Step 2/4: Selecting templates...
✓ Selected 3 templates:
  • summary (priority: 0)
  • quotes (priority: 5)
  • key-concepts (priority: 10)

Step 3/4: Extracting content...
  Estimated cost: $0.0090
✓ Extracted 3 templates
  • 0 from cache (saved $0.0000)
  • Total cost: $0.0090

Step 4/4: Writing markdown files...
✓ Wrote 3 files
  Directory: ./output/episode-2025-11-07-title/

✓ Complete!

Command Options¶

Option	Short	Description	Default
`--output-dir`	`-o`	Output directory	`~/inkwell-notes`
`--count`		Latest N episodes from a saved feed
`--templates`	`-t`	Comma-separated template list	Auto-select
`--category`	`-c`	Episode category	Auto-detect
`--provider`	`-p`	LLM provider (claude, gemini)	Smart selection
`--skip-cache`		Skip extraction cache	`false`
`--force-extraction`		Run LLM extraction even when short-content bypass would apply	`false`
`--dry-run`		Cost estimate only	`false`
`--extract`		Emit transcript/source text only and skip note generation	`false`
`--overwrite`		Overwrite existing directory	`false`
`--interview`		Enable interview mode	`false`

Output Structure¶

Each episode creates a self-contained directory:

~/inkwell-notes/
└── podcast-2025-01-15-episode-title/
    ├── .metadata.yaml       # Episode metadata
    ├── summary.md           # Episode summary
    ├── quotes.md            # Notable quotes
    ├── key-concepts.md      # Key concepts
    └── tools-mentioned.md   # Tools and products

Directory naming pattern:

{podcast-name}-{YYYY-MM-DD}-{episode-title}/

Metadata File¶

.metadata.yaml contains:

podcast_name: Deep Questions
episode_title: Episode 42 - On Focus
episode_url: https://youtube.com/watch?v=xyz
transcription_source: youtube
templates_applied:
  - summary
  - quotes
  - key-concepts
total_cost_usd: 0.009
timestamp: 2025-11-07T10:30:00

Markdown Files¶

Each template generates a markdown file with YAML frontmatter:

---
template: summary
podcast: Deep Questions
episode: Episode 42 - On Focus
date: 2025-11-07
source: https://youtube.com/watch?v=xyz
---

# Summary

Episode overview and key takeaways...

Example Workflows¶

Quick Extract with Defaults¶

inkwell fetch https://youtube.com/watch?v=abc123

Uses auto-detected category, auto-selected templates, and smart provider selection.

Custom Output Location¶

inkwell fetch URL --output ~/Documents/podcast-notes

Specific Templates¶

inkwell fetch URL --templates summary,quotes,tools-mentioned

Cost Check First¶

# Check cost without processing
inkwell fetch URL --dry-run

# If acceptable, process
inkwell fetch URL

Transcript Only¶

# Print transcript text to stdout; progress goes to stderr
inkwell fetch URL --extract

# Write transcript-only files without creating episode note directories
inkwell fetch my-podcast --latest --extract --output-dir ~/transcripts --plain

Use this when you want the clean media transcript or source text first and want to decide later whether to run Inkwell's structured note templates or reflection flow.

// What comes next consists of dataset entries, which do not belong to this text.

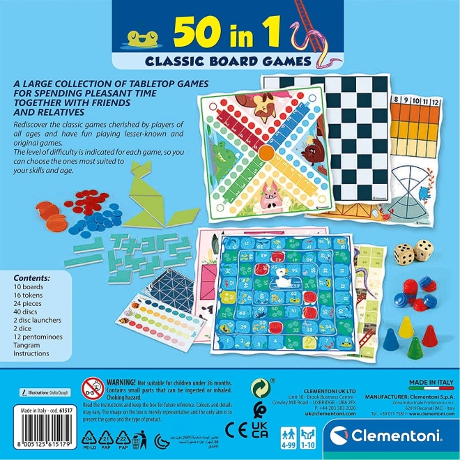 Škatla polna zabave za vso družino! Ta univerzalni komplet ponuja 50 različnih namiznih iger na 5 dvostranskih igralnih ploščah, za otroke in odrasle. Vsebuje vse potrebno za hiter začetek, navodila v CZ/SK/PL/HU in igre z različnimi stopnjami težavnosti. Odlično darilo za skupne trenutke.
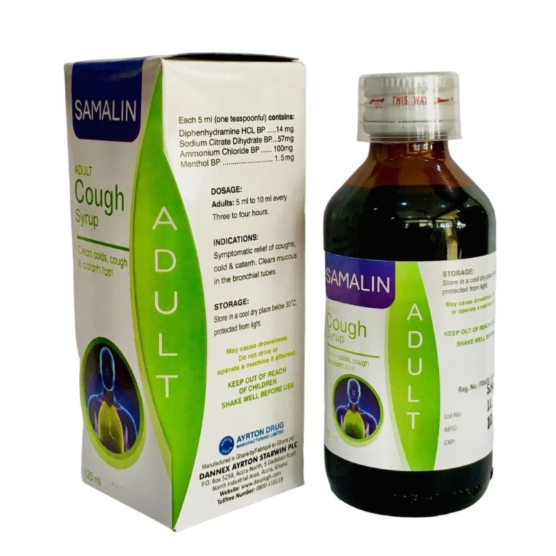 Samalin Adult Cough Syrup is for the symptomatic relief of coughs, colds and catarrh. It works by clearing mucous in the bronchial tubes.
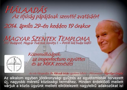 Április 29-én, kedden 19 órakor hálaadó ünnepséget tartanak II. János Pál pápának – az ifjúság pápájának – szentté avatásáért Budapesten.

Web articles, PDFs, and images use local extraction. Image/PDF OCR is optional, runs through Tesseract on the local machine, and preserves the same markdown output contract. Hosted article fallbacks and slide/video-frame extraction are not part of this path.

For script-friendly --json and --plain output, see Machine-Readable Output.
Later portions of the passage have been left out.